By actively measuring ppm levels of water in oil, the absolute amount of water can be determined. However, a ppm measurement has one major limitation—it does not account for any variation in oil's saturation point.
In other words, in a dynamic oil system with a fluctuating saturation point, a ppm measurement would provide no indication of how close the moisture level is to the oil's saturation point.
This becomes even more critical when the water content nears the oil's saturation point, creating a risk of actually exceeding the saturation point and forming free water—a destructive contaminant to almost all oil applications.
To illustrate this concept, consider oil that undergoes a 100°F (38ºC) reduction in temperature.
This shows the saturation point of the oil at 180°F (82ºC) is 5000 ppm.

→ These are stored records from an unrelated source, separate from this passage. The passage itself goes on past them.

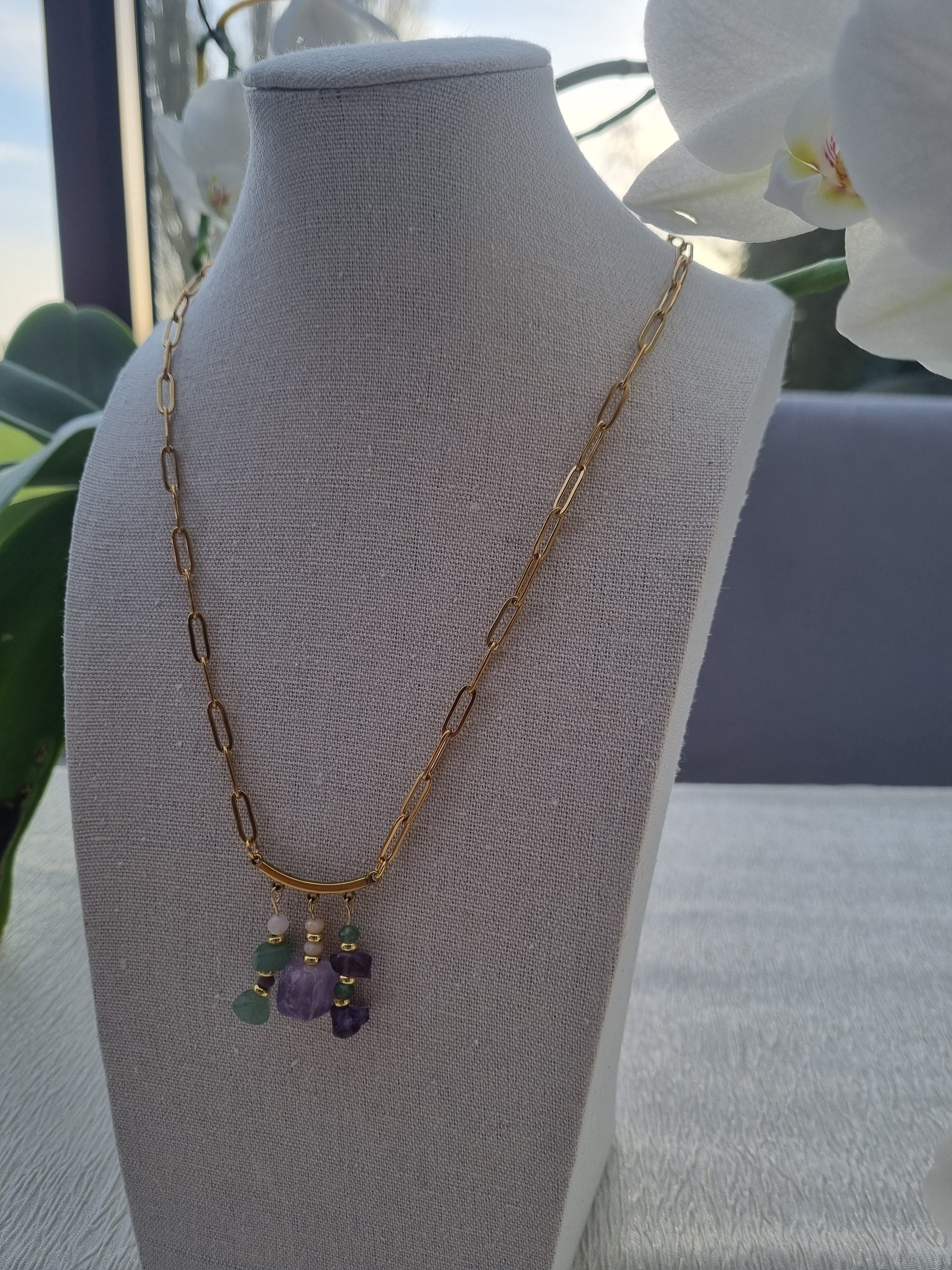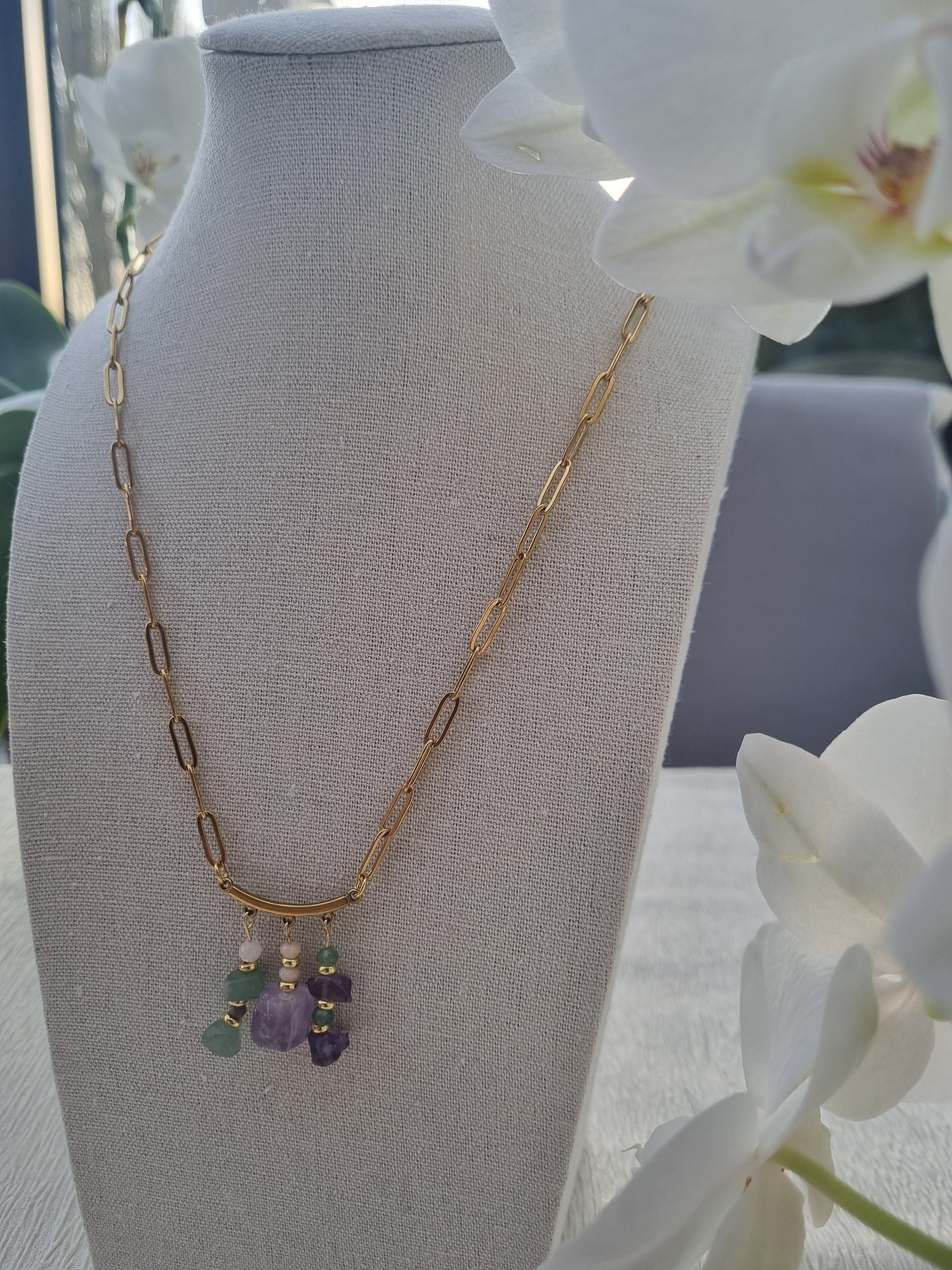 Découvrez l'harmonie des couleurs et l'élégance intemporelle avec notre Collier Élégance en Améthyste et Péridot. Ce bijou raffiné arbore une chaîne dorée asymétrique, composée de maillons aux formes et tailles variées. Au centre, une barre incurvée en métal doré est ornée de pendentifs délicats : des améthystes violettes profondes et des péridots verts lumineux, séparés par de fines entretoises dorées. Un équilibre parfait entre sophistication et charme naturel, présenté sur un buste gris clair qui souligne la beauté du collier. Ajoutez une touche d'élégance à votre tenue avec ce collier unique.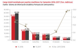 Según el Sistema de Información Estadística Portuaria de Centroamérica, el total de carga transitada por los puertos marítimos en Centroamérica en el primer semestre 2016 fue de 69.519 toneladas métricas y 75.832 toneladas métricas en 2017, un aumento interanual de 6.313 toneladas métricas. El país que aumentó considerablemente su variación en carga fue Nicaragua con un incremento de 18,9%, de 2.055 toneladas métricas en los primeros seis meses de 2016 a 2.444 toneladas en el mismo período de 2017.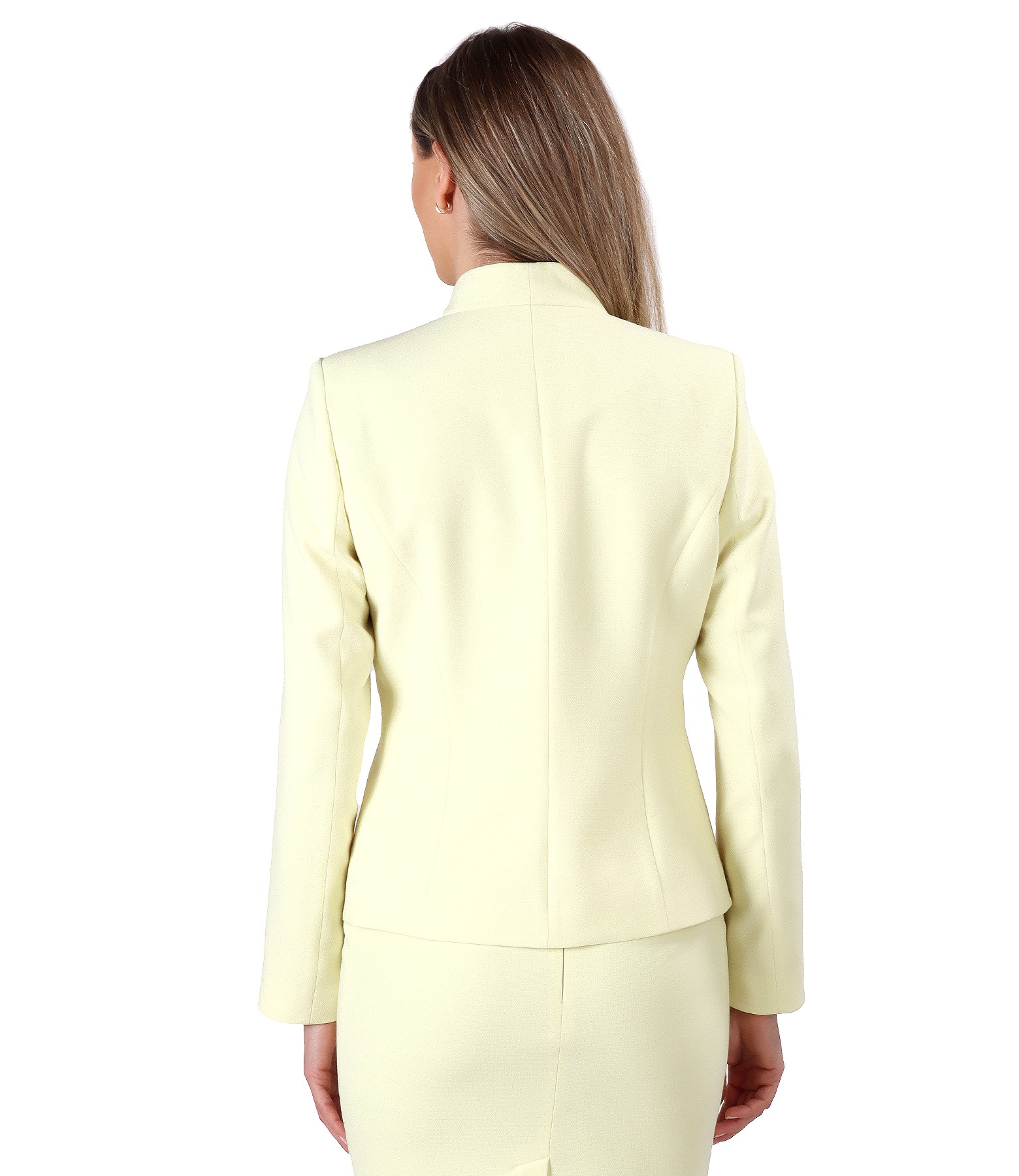 Office jacket made of elastic fabric, padded, with collar like tunic. It closes with a button on the middle of the face.

The amount of water in this oil is 2000 ppm. This means the oil can hold another 3000 ppm more water before the oil becomes saturated. This is the margin to the saturation point.
When the temperature of this oil drops to 80°F (27º C), the saturation point of the oil also drops to 3000 ppm. Note: The amount of water in the oil has not changed (still 2000 ppm); however, the margin to the saturation point has dropped to 1000 ppm.
In this scenario, if an operator were only measuring ppm, he would see no change for water present (2000 ppm) even though the margin has dropped dramatically and the saturation point has moved much closer to the water content, creating a greater risk of free water formation.
What would happen if after one year, due to aging of the oil, the saturation point went down further to 1500 ppm?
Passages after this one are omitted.